Alle 17 al Palazzo del Governatore incontro con Gigliola Fragnito, autrice di “Rinascimento perduto. La letteratura italiana sotto gli occhi dei censori - secoli XV–XVII”

Sarà dedicato alla censura in letteratura nel periodo rinascimentale l’ultimo incontro della rassegna Libri di Storia – Incontri con gli Autori, organizzata dall’Università di Parma con il patrocinio del Comune di Parma.

L’appuntamento è per martedì 7 maggio alle 17 al Palazzo del Governatore con Gigliola Fragnito e il suo volume Rinascimento perduto. La letteratura italiana sotto gli occhi dei censori - secoli XV–XVII (Il Mulino), introdotti dal coordinatore scientifico della rassegna Piergiovanni Genovesi, Delegato del Rettore alle iniziative culturali di carattere storico.

Gli indirizzi di saluto saranno affidati a Fabrizio Storti, Pro Rettore alla Terza missione dell'Università di Parma, e a Diego Saglia, Direttore del Dipartimento di Discipline Umanistiche, Sociali e delle Imprese Culturali - DUSIC. Dialogheranno con l’autrice, già docente di Storia moderna all’Università di Parma, Ugo Berti Arnoaldi, dirigente editoriale della Casa editrice Il Mulino, Massimo Firpo, docente di Storia moderna all’Università di Torino, Paolo Procaccioli, docente di Lingue e culture moderne all’Università della Tuscia. L’incontro sarà moderato da Elena Bonora, docente di Storia moderna all’Università di Parma.

Dal sito della casa editrice Il Mulino: «Anche se gli indici romani dei libri proibiti del Cinquecento registrano un numero esiguo di autori e di opere letterarie, gli interventi sulla letteratura di svago furono molto ampi. Dalla novellistica al romanzo cavalleresco, al poema biblico, alla satira: i censori individuavano ovunque segni di anticlericalismo, lascivia e oscenità, o commistione fra sacro e profano, fra pagano e cristiano. Il libro ricostruisce i meccanismi che portarono alla distruzione di un vastissimo patrimonio culturale, alla manipolazione di opere mediante l’espurgazione, a profonde trasformazioni di generi letterari, come pure alla prassi dell’autocensura. Se lo scopo dell’azione repressiva era la moralizzazione dei fedeli, non vi è dubbio che, unita alla rimozione della Sacra Scrittura e dei libri di contenuto biblico in volgare, alla liturgia e alla recita delle preghiere in latino, essa consentì alla Chiesa di esercitare più facilmente il suo potere sulle menti e sulle coscienze, riducendo i fedeli a “minorenni perpetui”».

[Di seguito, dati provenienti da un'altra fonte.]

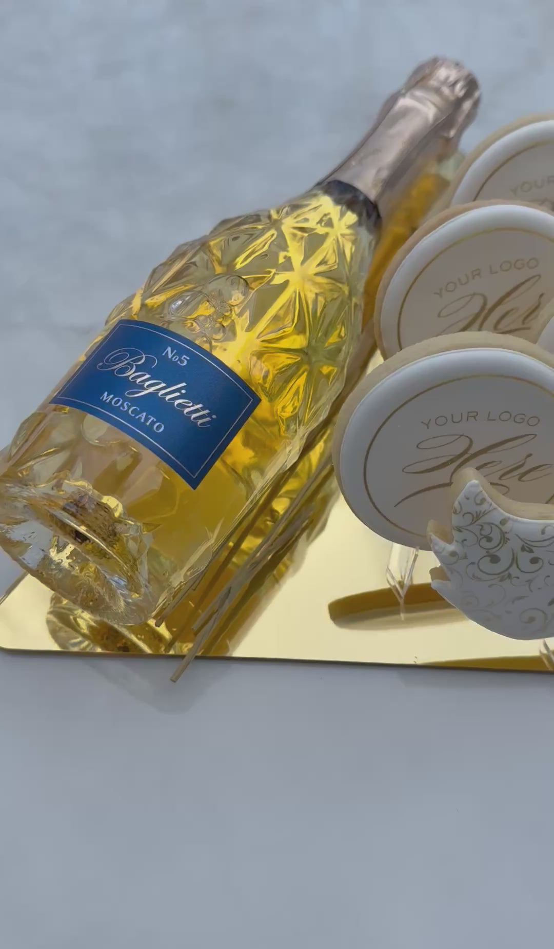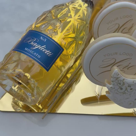 The Platinum Purim Box is our most luxurious Purim gift, featuring a Baglietti bottle, five custom logo cookies, and a signature Purim Sameach mask cookie, all presented on a stunning gold mirror triangle. A refined statement piece for premium corporate and personal gifting.

Libri di Storia – Incontri con gli Autori è un’iniziativa promossa dall’Università di Parma all’interno delle azioni di Terza Missione dell’Ateneo (delega rettorale per le iniziative culturali di carattere storico assegnata al prof. Piergiovanni Genovesi) volte a contribuire allo sviluppo sociale, culturale ed economico della società, comunicando e divulgando la conoscenza attraverso una relazione diretta con il territorio e con tutti i suoi attori. La presentazione di una serie di novità editoriali di storia, alla presenza degli autori, si propone di far conoscere più da vicino alla città la ricerca svolta all’interno dell’Ateneo e, più in generale, di favorire la diffusione della conoscenza storica al fine di leggere in modo più profondo, articolato e dialogante l’oggi.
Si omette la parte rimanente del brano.